Like digital data, DNA has a way of sticking around. Just last September, North Dakota officials identified and arrested a Standing Rock pipeline protester from three years earlier based on DNA collected during an arrest relating to another protest. They matched his DNA from their database to DNA extracted from a cigarette butt he left at the scene of the protest in 2016.

Now that you’re in the system, how do you get out?

In short, it’s not easy and often not possible.

When it comes to DNA databases and gang databases and other investigative tools, the challenge is knowing that your information is in them in the first place. And there are only very rare examples of people successfully petitioning to get out of them.

Arrest records and court records are a bit more straightforward because people who have had run-ins with the police will at least be aware of them. But expunging those records can be difficult, too, because they have a tendency to travel.

One misconception a lot of people have, said Joshua Esmay, an attorney with the Legal Rights Center in Minneapolis, is that there’s such a thing as “a” criminal record—that if you’ve been arrested before, all of your information exists in one, central place.

“Records get generated at each point of contact within the criminal justice system, and each of the different places that generate the records will keep them in an electronic database,” Esmay explained. “Even before we get anything involving a prosecutor or the court, your record can already go statewide.”

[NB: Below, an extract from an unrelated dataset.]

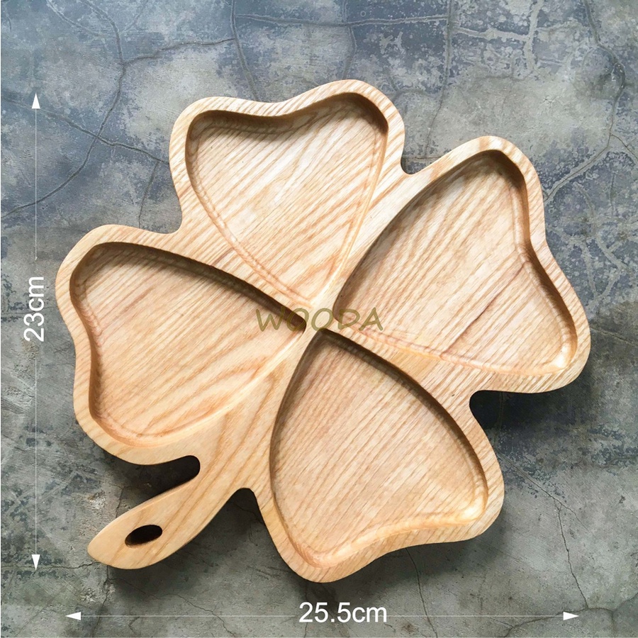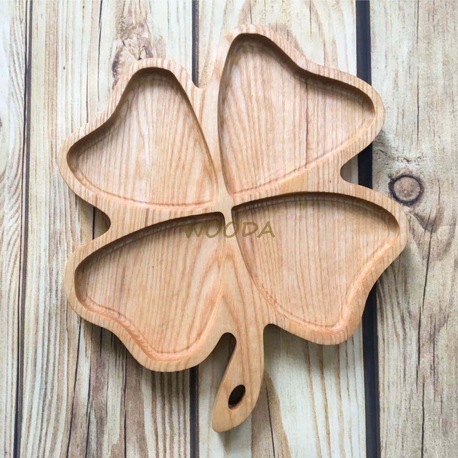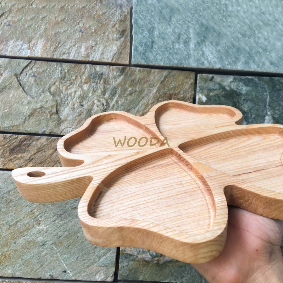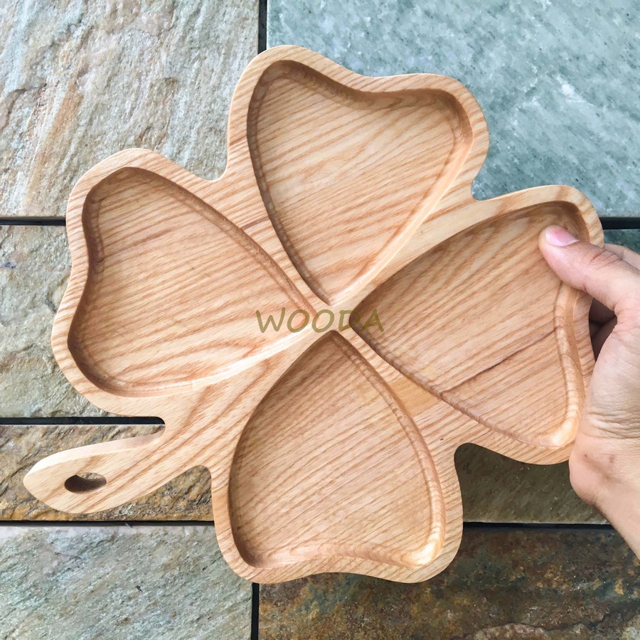 Khay gỗ tự nhiên hình cỏ 4 lá, Khay Đựng Bánh Mứt

Local intel about protesters can also easily go from the city or state level to federal agencies.

For instance, George Joseph and Jessica Pishko have reported for The Appeal on how Immigration and Customs Enforcement has direct access to local police data, including records about day-to-day interactions between people and officers. This interconnectivity means that an arrest or even a traffic vaiolation could trigger a process that leads to someone’s deportation. “In some cases, witnesses and victims of crimes, too, are run through biometric databases or asked their immigration status,” wrote Pishko.

Because records exist in so many different places, they’re also pretty difficult to get rid of. Credit reporting agencies and background screening companies will often buy arrest, court, and jail and prison data and sell it to employers and landlords. That information (if it’s even about the right person, and not a mixup) can make potential employees or tenants look worse on paper than they should, especially if the screening companies don’t keep their records up to date with the cases’ ultimate outcomes.

Esmay helps run expungement clinics in Minneapolis, and he says he works to persuade judges to not only sealold court records but also to seal all of the related database entries in a checklist of about 10 interconnected agencies

He also said he’s seen a growing awareness of the collateral consequences of criminal records. “I’ve been helping put on different walk-in free legal clinics going back to 2012,” said Esmay, “and just in the last year, turnout at those has been the highest that we’ve ever seen.”

If all of this makes you wary about going out to exercise your First Amendment rights, just remember: Every time you use a phone, get in a car, or walk down a city street, you are generating data points that police potentially have access to. This is just one more.